Ça passe toujours par le prisme des trois, il y a un équilibre naturel qui s’est établi. »

Une date pour la sortie de l’album ?

« Non pas encore, on a la chance d’avoir un label conciliant qui veut que l’album soit très bon. Du coup on sortira l’album quand on estimera qu’il est très bon. »

Y-a-t ‘il un membre plus productif que les autres en terme de composition ?

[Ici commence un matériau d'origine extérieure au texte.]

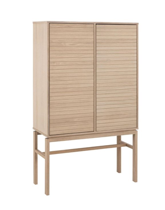 Skrinka má 4 police a dvierka s lamelovým čelom a funkciou otvárania zatlačením.
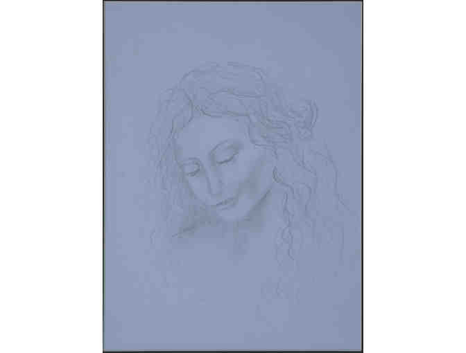 The 10.5” x 13.5” drawing is matted and balanced with a 19” x 23” contemporary silver frame.
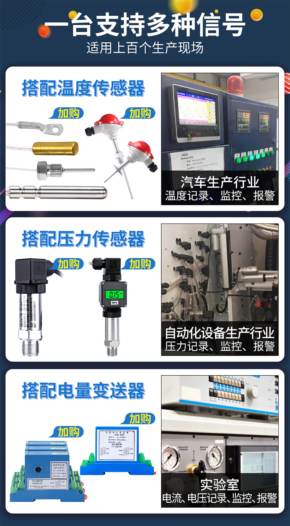 觸摸式彩色無紙記錄儀具有 60 個運算函數、24 路模擬量輸入、3 路 開關量輸入、3 路脈沖量輸入、6 路模擬量變送輸出、16 路開關量輸出, 可實現運算、顯示、記錄、報警、分析統計報表、高速采樣等功能,通 過 RS-232/RS-485 和以太網通訊接口,可實現遠程實時監控、組態管理、 歷史數據讀取等功能,通過 U 盤可實現組態管理、監控畫面管理和歷史 數據管理等功能。
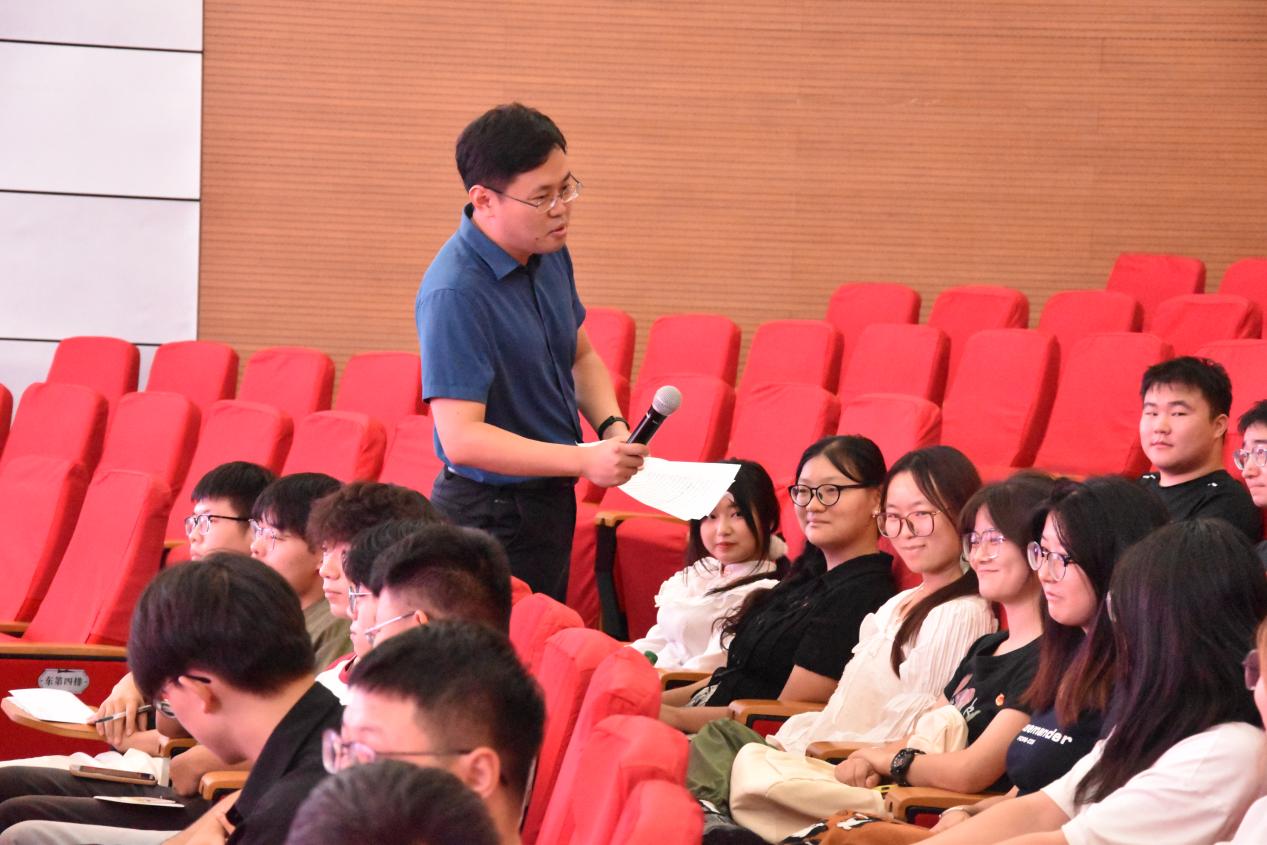 课程伊始,院团委副书记钟伦锁上台致辞。随后洪欣书记进行授课,授课过程中,洪欣书记向学员们介绍党的二十届三中全会的背景、意义,并下台互动,青马班成员积极回应,分享学习经验与活动感受。最后,洪欣书记希望同学们铸牢政治品德,把握时代主题,聚焦主责主业,切实发挥团员“先锋队、突击队”作用,勇于担当、敢于创新。
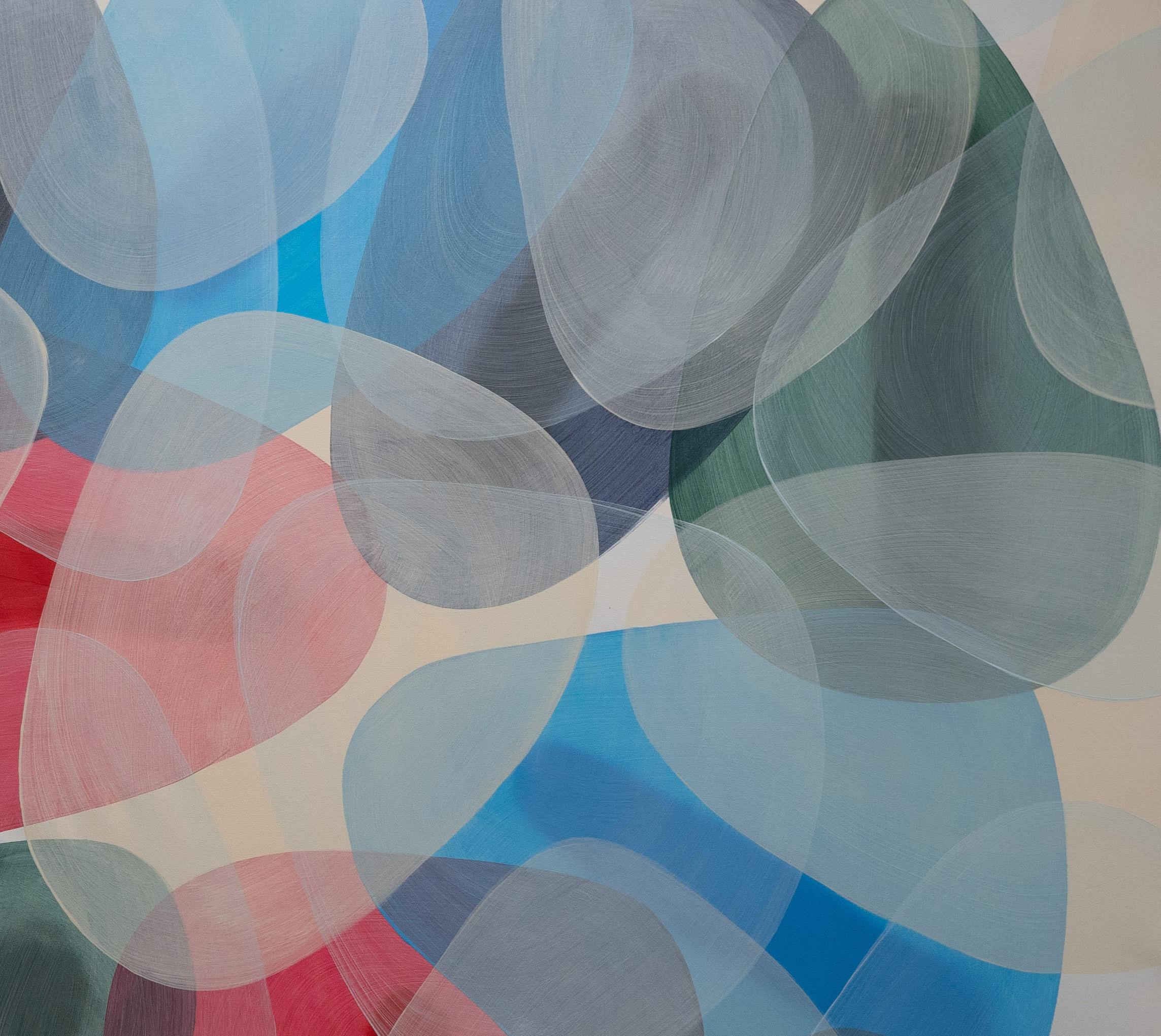 His recent abstractions display a unique style and focus on optical color combinations, ranging from the fragmented application of pure pigmentation to extensive, oval shapes of semi-opaque pigments. Amador superimposes these translucent color patches with the intention of filling the plane with an assortment of hues frozen in a process of transformation. Free from the burden of a specific narrative or message, the meaning of these works depends on the appreciation of each viewer—on their individual and biological capacity to instantly perceive, comprehend, and interpret color introspectively.
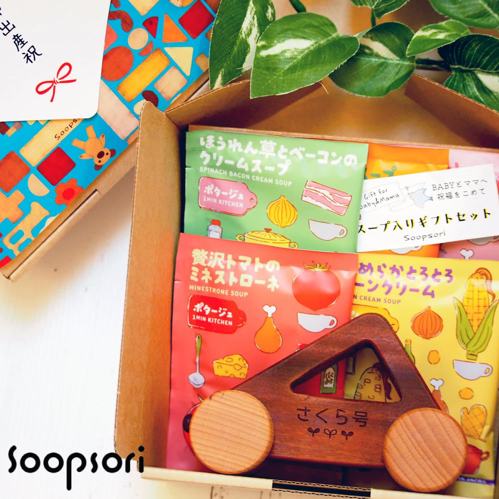 朝食や昼食に添えて、小腹が空いたときのおやつに、お弁当のお供に、ささっと飲めてほっと一息つける、手軽で簡単1ミニッツスープ。お渡しにも気を遣わせない常温保存でギフトに気軽にご利用いただけます。 木のおもちゃとスープが入ったギフトセット お祝いやプチギフト、ちょっとしたお返しに スープの種類はランダムで5個(5種類)入ります。 クラフトのギフトボックス仕様 カード&包装紙つきでお届けします ・内祝のみ、下に記名可。必要事項は備考欄にご入力ください。 ・カードサイズ:6cm×6cm 赤ちゃん必須おもちゃ、自分で動かせる車おもちゃ 木の車は男の子、女の子問わず人気なアイテム。 小さなお子様の手に収まりやすいサイズです。 車おもちゃへの名入れ無料 ご注文時に刻印するイラストを選択し、刻印文字を入力してください。 どこを触ってもすべすべ赤ちゃんに優しい手触り 仕上げはEN71クリアの亜麻仁油のみ木のぬくもりが生きています 出産祝い、お返し、手土産など手軽に渡せて'いたわり'の思いを伝えるギフトセット。 BABYへのプレゼントにママへの「ゆっくり休んでね」の気持ちを添えるスープ入りプレゼントです。 可愛いパッケージのスープと赤ちゃん時におすすめの木のおもちゃでさりげないけど気の利いたギフトにおすすめです。 3,300円 税込 送料別 カードOK レビュー10件 木のおもちゃと子ども家具スプソリ ![]() | ||
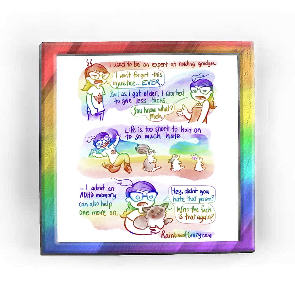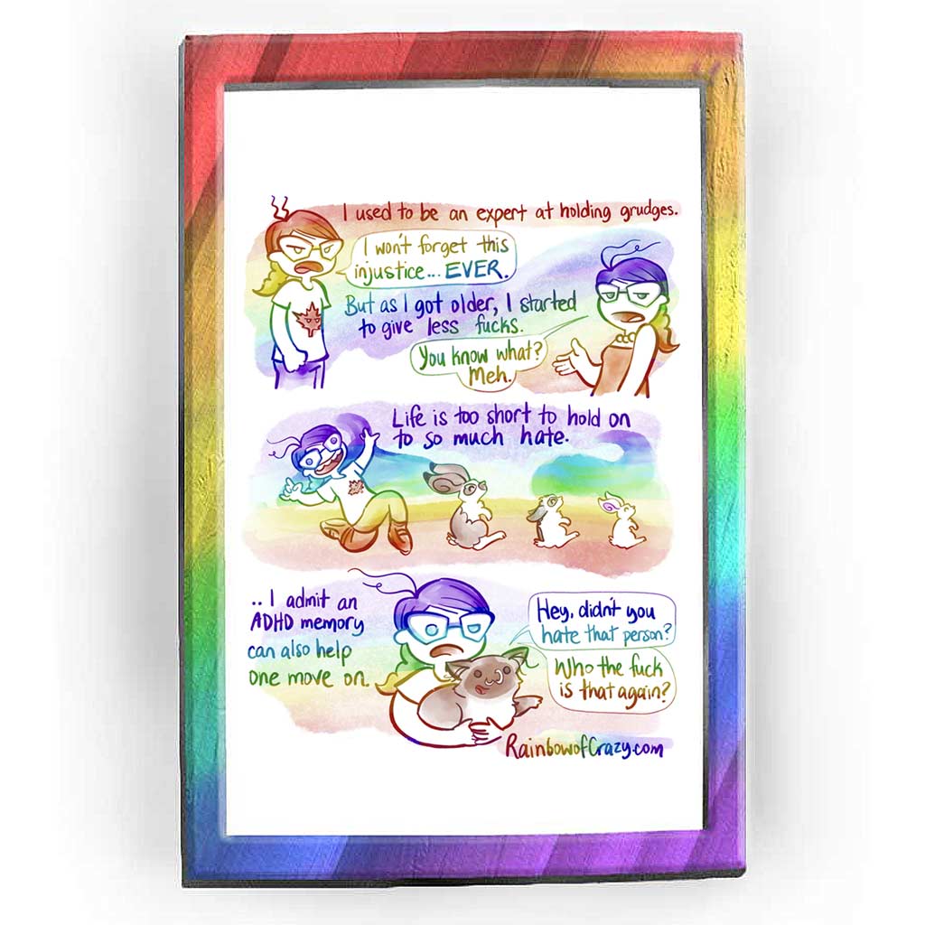 Full alt text: Rainbowofcrazy web comic: Grudges. / [I used to be an expert at holding grudges.] Jo, looking angry, hand in a fist: "I won't forget this injustice... EVER." / [But as I got older, I started to give less fucks.] Jo, in an orange strapless dress and pearls, one hand raised, palm up: "You know what? Meh." (an ode to Lisa Simpson) / [Life is too short to hold on to so much hate.] Jo is skipping along, a very derpy expression is on her face. Three bunnies skip along in front of her, all up them with the heads tilted up. (the scene an ode to Homer Simpson in the Land of Chocolate.) / [.. I admit an ADHD memory can also help one move on.] Jo holds a ragdoll cat in her arms. Cat points to something off screen: "Hey, didn't you hate that person?" Jo: "Who the fuck is that again?" / Rainbowofcrazy.com
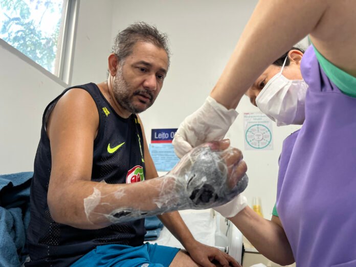 “Meu braço começou a endurecer, a pele escureceu e surgiram bolhas que se rompiam, levando pedaços da minha pele. Os exames revelaram que eu tinha diabetes e pressão alta, o que agravou tudo. As feridas não cicatrizavam, e a infecção ameaçava se espalhar pelo corpo”, relembra o pedreiro.

« Ça passe toujours par le prisme des trois. Il y a un équilibre naturel qui s’est établi, où même si l’un d’entre nous propose une composition, ce n’est qu’une fois qu’on l’aura revue ensemble tous les 3 qu’elle sera en mesure d’être développée. Tout le monde propose des idées. On est rarement ensemble, du coup on bosse surtout online, pour utiliser un terme de 1998. On partage des sessions de travail, ce qui fait qu’on peut travailler nos compositions sans avoir à libérer des plages horaires tous les soirs. Tout le monde a accès aux travaux de chacun, sans qu’on soit forcément ensemble. »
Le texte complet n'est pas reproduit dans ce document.